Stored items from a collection
===

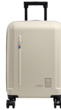
● SOFT SHELL
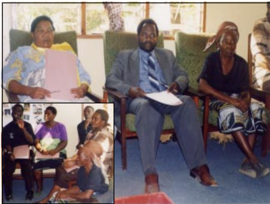
Part of the group of participants, leaders of the ruling and opposition political parties share a common goal, fight HIV/AIDS and promote education, in MESA

At the end of the meeting the participants were seen offering each other lifts.■
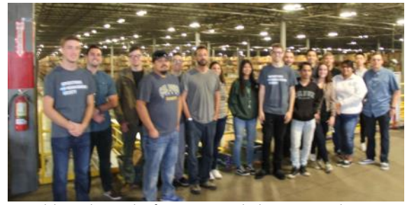
OMS Club members gather for a picture inside the Target Distribution Center
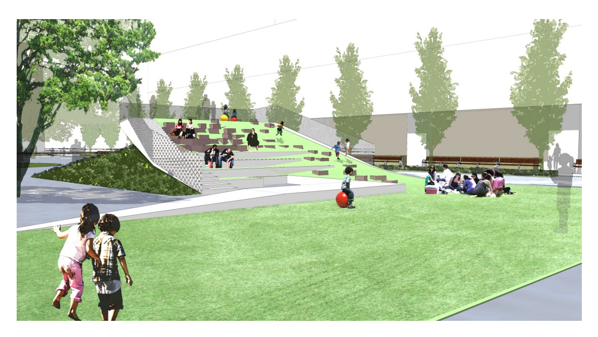
Figure 5-10 View of Amphitheater
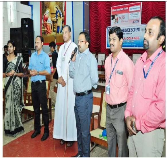
Blood Donation Camp at Nirmala College
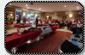
Annual Holiday Party
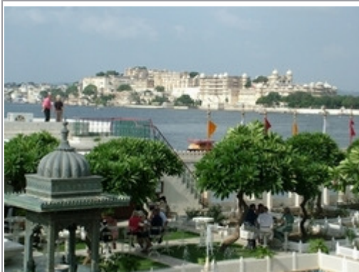
View of Jag Mandir Palace, Udaipur
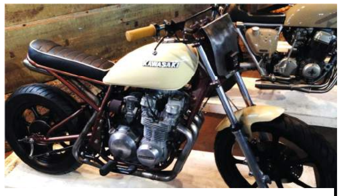
1981 Kawasaki KZ550, owned by Grant Gard, built by No.8 Wire, Missoula, MT
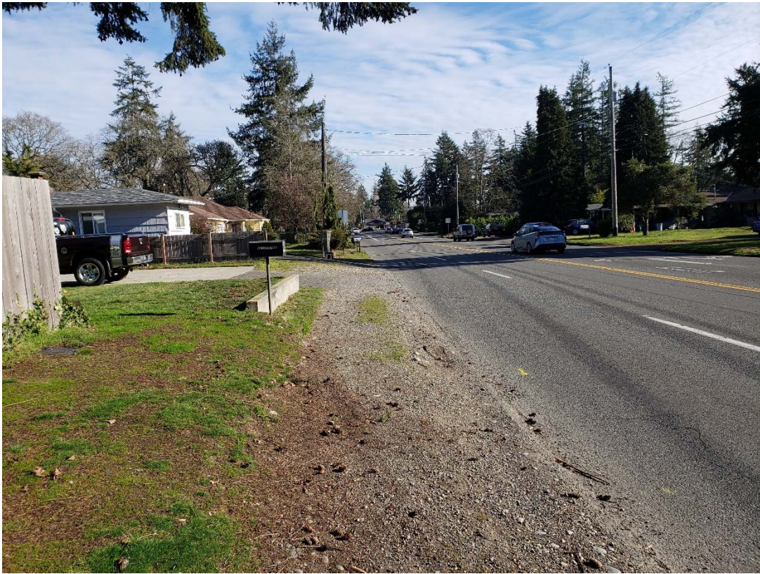
Existing Condition: showing need for overlay, curb and gutter, and sidewalk. (88 th St. looking east on the north side of the road between Steilacoom Blvd. and Custer Rd.)
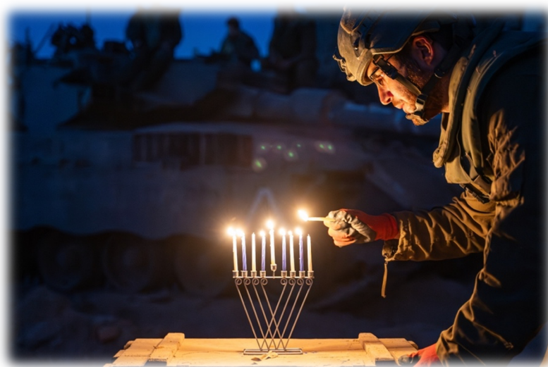
IDF soldier celebrating Hanukkah in Gaza (2024)
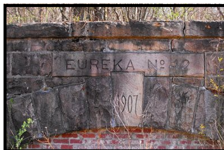
Sealed Mine 42 Portal

The houses were all company houses constructed in 1910. The company store, stable and slaughter house still stand. Across the street one can still see the old first aid station.
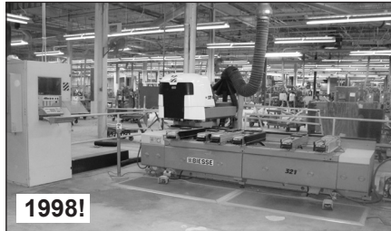
1998! Biesse Rover 321R CNC Machining Center
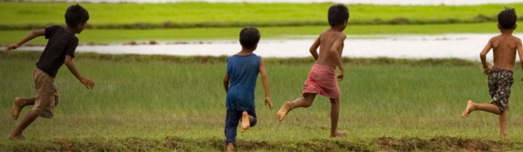
Children run to play in the rice paddy, central Cambodia.

“WE LOOK TO ... STAY ONE STEP AHEAD OF THE ISSUES WE BELIEVE WILL AFFECT THE SUSTAINABILITY OF COMMUNITIES AND, THEREFORE, OUR OPERATIONS.” Westpac 195

===

WHAT YOU WILL DO - Copy the data word for word, no pictures.

SOLUTION FOR THIS PROBLEM -
● SOFT SHELL
Part of the group of participants, leaders of the ruling and opposition political parties share a common goal, fight HIV/AIDS and promote education, in MESA

At the end of the meeting the participants were seen offering each other lifts.■
OMS Club members gather for a picture inside the Target Distribution Center
Figure 5-10 View of Amphitheater
Blood Donation Camp at Nirmala College
Annual Holiday Party
View of Jag Mandir Palace, Udaipur
1981 Kawasaki KZ550, owned by Grant Gard, built by No.8 Wire, Missoula, MT
Existing Condition: showing need for overlay, curb and gutter, and sidewalk. (88 th St. looking east on the north side of the road between Steilacoom Blvd. and Custer Rd.)
IDF soldier celebrating Hanukkah in Gaza (2024)
Sealed Mine 42 Portal

The houses were all company houses constructed in 1910. The company store, stable and slaughter house still stand. Across the street one can still see the old first aid station.
1998! Biesse Rover 321R CNC Machining Center
Children run to play in the rice paddy, central Cambodia.

“WE LOOK TO ... STAY ONE STEP AHEAD OF THE ISSUES WE BELIEVE WILL AFFECT THE SUSTAINABILITY OF COMMUNITIES AND, THEREFORE, OUR OPERATIONS.” Westpac 195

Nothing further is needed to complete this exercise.